**Problem to work on:**
Starting with the line that contains "Në këtë letër", return every line through the end of the listing below exactly as written. Omit the pictures.

**Dataset content:**
########################################

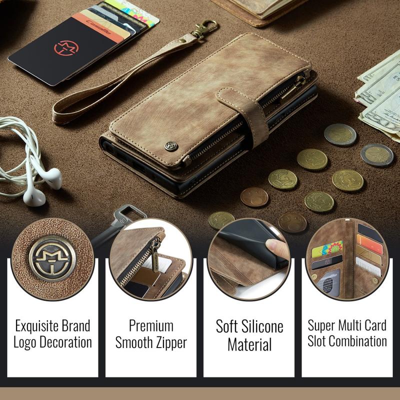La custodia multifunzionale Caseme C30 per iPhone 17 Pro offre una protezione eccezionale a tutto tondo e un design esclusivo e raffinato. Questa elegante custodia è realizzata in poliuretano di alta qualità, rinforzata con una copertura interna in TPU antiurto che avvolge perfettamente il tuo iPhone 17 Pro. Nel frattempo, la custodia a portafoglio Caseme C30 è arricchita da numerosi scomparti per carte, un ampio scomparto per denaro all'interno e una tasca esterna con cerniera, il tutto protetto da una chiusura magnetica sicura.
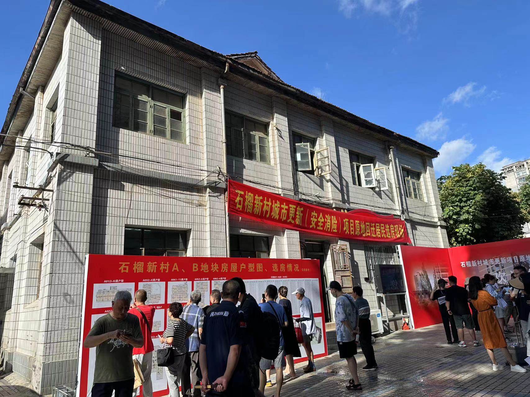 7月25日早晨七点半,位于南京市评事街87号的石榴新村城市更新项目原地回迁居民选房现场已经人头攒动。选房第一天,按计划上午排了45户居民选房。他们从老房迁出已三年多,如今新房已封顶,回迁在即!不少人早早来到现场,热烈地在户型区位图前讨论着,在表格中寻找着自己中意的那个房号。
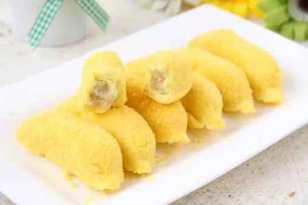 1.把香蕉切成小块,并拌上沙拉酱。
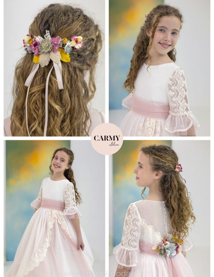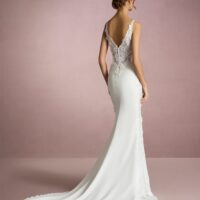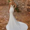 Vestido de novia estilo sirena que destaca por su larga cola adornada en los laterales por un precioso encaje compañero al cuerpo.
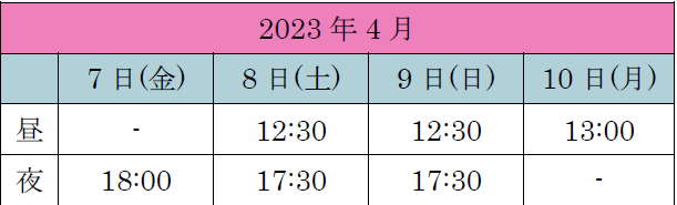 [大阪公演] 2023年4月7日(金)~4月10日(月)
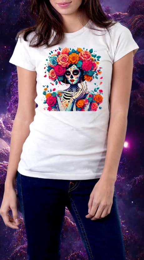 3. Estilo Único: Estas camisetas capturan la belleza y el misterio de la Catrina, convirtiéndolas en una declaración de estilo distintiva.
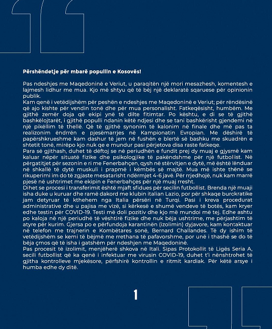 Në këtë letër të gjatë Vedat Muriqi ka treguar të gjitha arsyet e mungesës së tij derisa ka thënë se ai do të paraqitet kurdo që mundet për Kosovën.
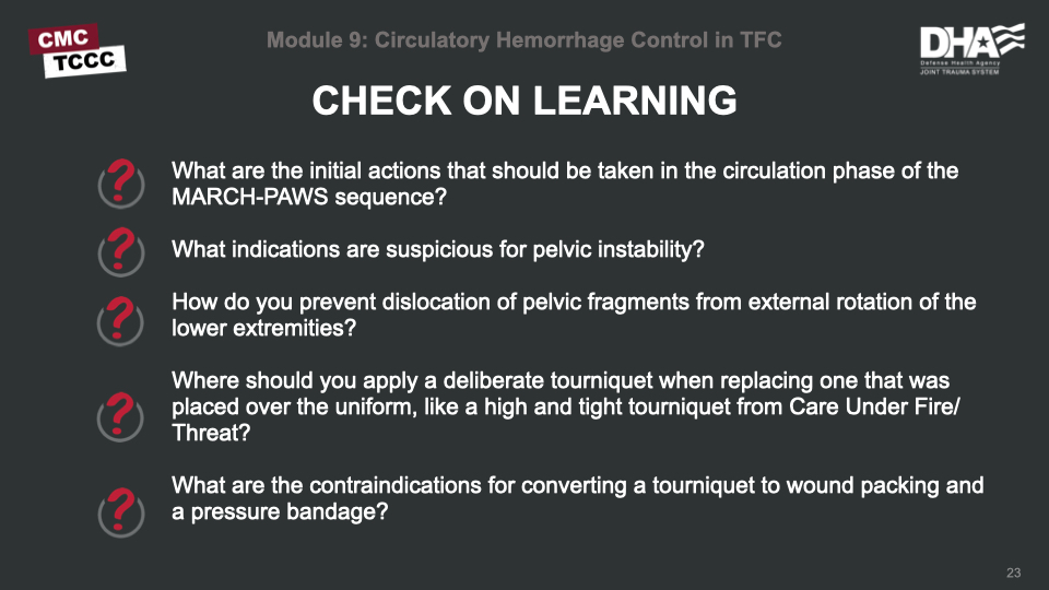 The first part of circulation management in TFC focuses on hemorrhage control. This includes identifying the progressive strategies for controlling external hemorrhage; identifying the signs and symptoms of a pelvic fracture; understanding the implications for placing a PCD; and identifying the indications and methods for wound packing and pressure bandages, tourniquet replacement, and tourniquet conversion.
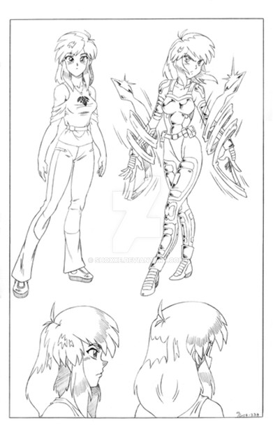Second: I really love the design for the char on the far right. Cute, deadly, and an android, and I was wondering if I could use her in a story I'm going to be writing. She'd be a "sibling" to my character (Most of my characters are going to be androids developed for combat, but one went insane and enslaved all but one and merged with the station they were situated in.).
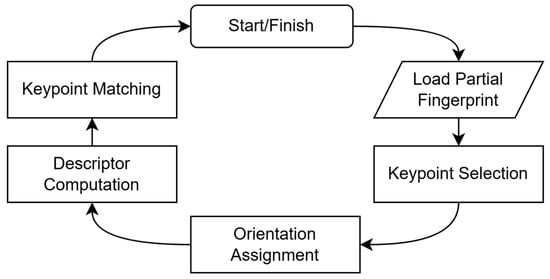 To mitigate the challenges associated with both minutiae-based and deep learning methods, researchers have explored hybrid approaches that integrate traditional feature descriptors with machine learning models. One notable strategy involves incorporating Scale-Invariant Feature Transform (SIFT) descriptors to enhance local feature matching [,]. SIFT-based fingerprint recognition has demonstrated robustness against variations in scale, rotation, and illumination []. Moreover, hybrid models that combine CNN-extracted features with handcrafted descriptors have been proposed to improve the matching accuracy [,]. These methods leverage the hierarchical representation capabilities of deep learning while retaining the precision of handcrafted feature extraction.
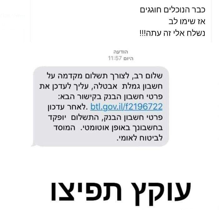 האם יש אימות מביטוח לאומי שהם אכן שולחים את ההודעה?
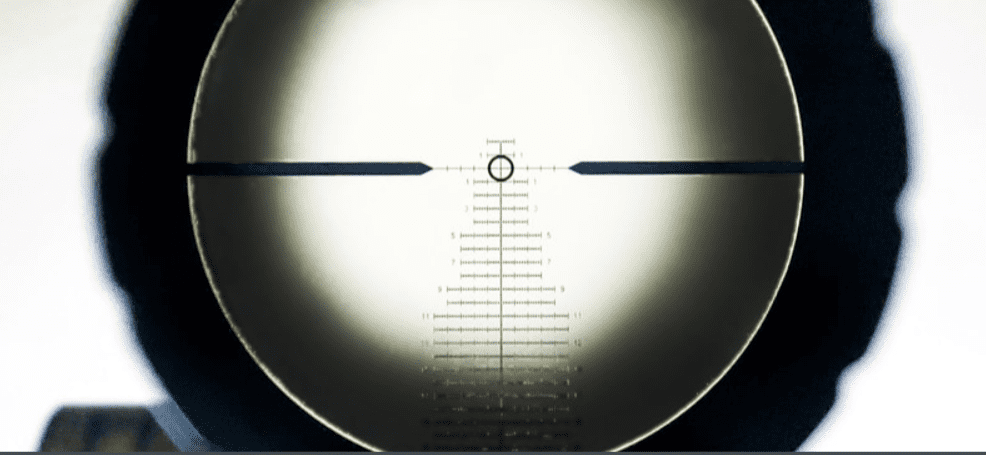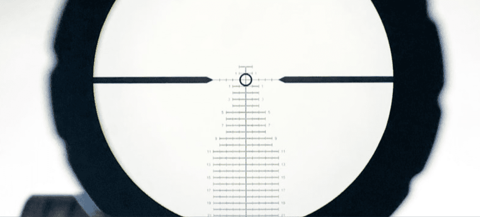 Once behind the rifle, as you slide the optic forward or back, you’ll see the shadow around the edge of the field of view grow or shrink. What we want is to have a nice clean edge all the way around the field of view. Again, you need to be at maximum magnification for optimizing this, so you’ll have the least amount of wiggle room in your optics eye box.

########################################

**Answer to this problem:**
 Në këtë letër të gjatë Vedat Muriqi ka treguar të gjitha arsyet e mungesës së tij derisa ka thënë se ai do të paraqitet kurdo që mundet për Kosovën.
 The first part of circulation management in TFC focuses on hemorrhage control. This includes identifying the progressive strategies for controlling external hemorrhage; identifying the signs and symptoms of a pelvic fracture; understanding the implications for placing a PCD; and identifying the indications and methods for wound packing and pressure bandages, tourniquet replacement, and tourniquet conversion.
Second: I really love the design for the char on the far right. Cute, deadly, and an android, and I was wondering if I could use her in a story I'm going to be writing. She'd be a "sibling" to my character (Most of my characters are going to be androids developed for combat, but one went insane and enslaved all but one and merged with the station they were situated in.).
 To mitigate the challenges associated with both minutiae-based and deep learning methods, researchers have explored hybrid approaches that integrate traditional feature descriptors with machine learning models. One notable strategy involves incorporating Scale-Invariant Feature Transform (SIFT) descriptors to enhance local feature matching [,]. SIFT-based fingerprint recognition has demonstrated robustness against variations in scale, rotation, and illumination []. Moreover, hybrid models that combine CNN-extracted features with handcrafted descriptors have been proposed to improve the matching accuracy [,]. These methods leverage the hierarchical representation capabilities of deep learning while retaining the precision of handcrafted feature extraction.
 האם יש אימות מביטוח לאומי שהם אכן שולחים את ההודעה?
 Once behind the rifle, as you slide the optic forward or back, you’ll see the shadow around the edge of the field of view grow or shrink. What we want is to have a nice clean edge all the way around the field of view. Again, you need to be at maximum magnification for optimizing this, so you’ll have the least amount of wiggle room in your optics eye box.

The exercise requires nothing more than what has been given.